Problem statement:
Transcribe the full listing below, word for word, without pictures.

Provided material:
--- START ---
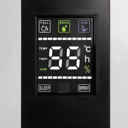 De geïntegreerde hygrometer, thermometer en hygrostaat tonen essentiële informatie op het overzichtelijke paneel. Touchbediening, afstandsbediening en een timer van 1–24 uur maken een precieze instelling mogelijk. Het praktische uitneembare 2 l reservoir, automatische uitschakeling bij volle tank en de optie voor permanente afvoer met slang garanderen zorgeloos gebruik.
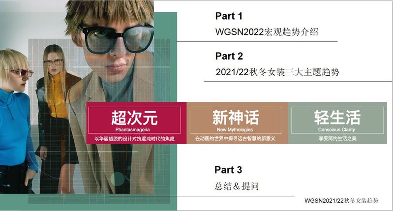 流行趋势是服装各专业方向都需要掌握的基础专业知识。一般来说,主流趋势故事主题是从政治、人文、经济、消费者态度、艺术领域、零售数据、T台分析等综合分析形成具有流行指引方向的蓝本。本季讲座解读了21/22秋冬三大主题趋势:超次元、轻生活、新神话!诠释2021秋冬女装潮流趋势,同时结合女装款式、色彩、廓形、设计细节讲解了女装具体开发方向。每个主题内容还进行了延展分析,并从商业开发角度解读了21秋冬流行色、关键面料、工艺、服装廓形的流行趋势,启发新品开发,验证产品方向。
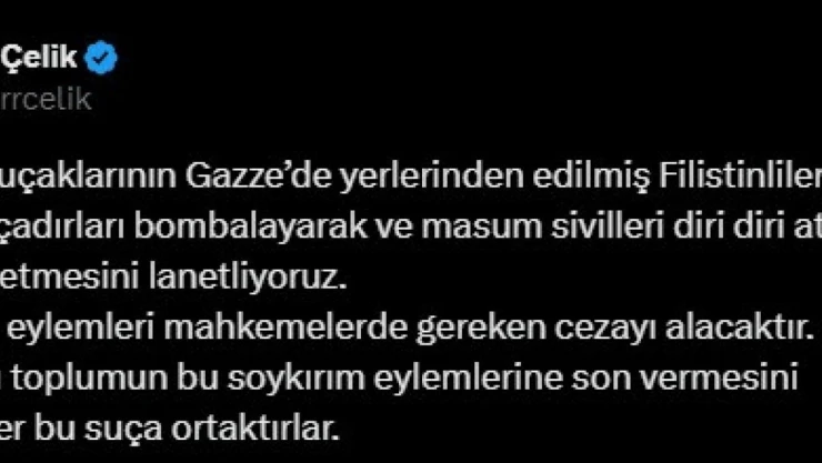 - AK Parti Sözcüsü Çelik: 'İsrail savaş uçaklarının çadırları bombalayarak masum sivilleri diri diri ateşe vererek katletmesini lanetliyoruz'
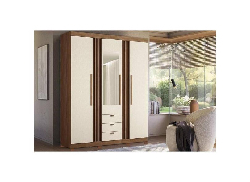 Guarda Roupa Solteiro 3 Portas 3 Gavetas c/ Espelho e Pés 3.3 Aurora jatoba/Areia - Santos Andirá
--- END ---
Output below:
 De geïntegreerde hygrometer, thermometer en hygrostaat tonen essentiële informatie op het overzichtelijke paneel. Touchbediening, afstandsbediening en een timer van 1–24 uur maken een precieze instelling mogelijk. Het praktische uitneembare 2 l reservoir, automatische uitschakeling bij volle tank en de optie voor permanente afvoer met slang garanderen zorgeloos gebruik.
 流行趋势是服装各专业方向都需要掌握的基础专业知识。一般来说,主流趋势故事主题是从政治、人文、经济、消费者态度、艺术领域、零售数据、T台分析等综合分析形成具有流行指引方向的蓝本。本季讲座解读了21/22秋冬三大主题趋势:超次元、轻生活、新神话!诠释2021秋冬女装潮流趋势,同时结合女装款式、色彩、廓形、设计细节讲解了女装具体开发方向。每个主题内容还进行了延展分析,并从商业开发角度解读了21秋冬流行色、关键面料、工艺、服装廓形的流行趋势,启发新品开发,验证产品方向。
 - AK Parti Sözcüsü Çelik: 'İsrail savaş uçaklarının çadırları bombalayarak masum sivilleri diri diri ateşe vererek katletmesini lanetliyoruz'
 Guarda Roupa Solteiro 3 Portas 3 Gavetas c/ Espelho e Pés 3.3 Aurora jatoba/Areia - Santos Andirá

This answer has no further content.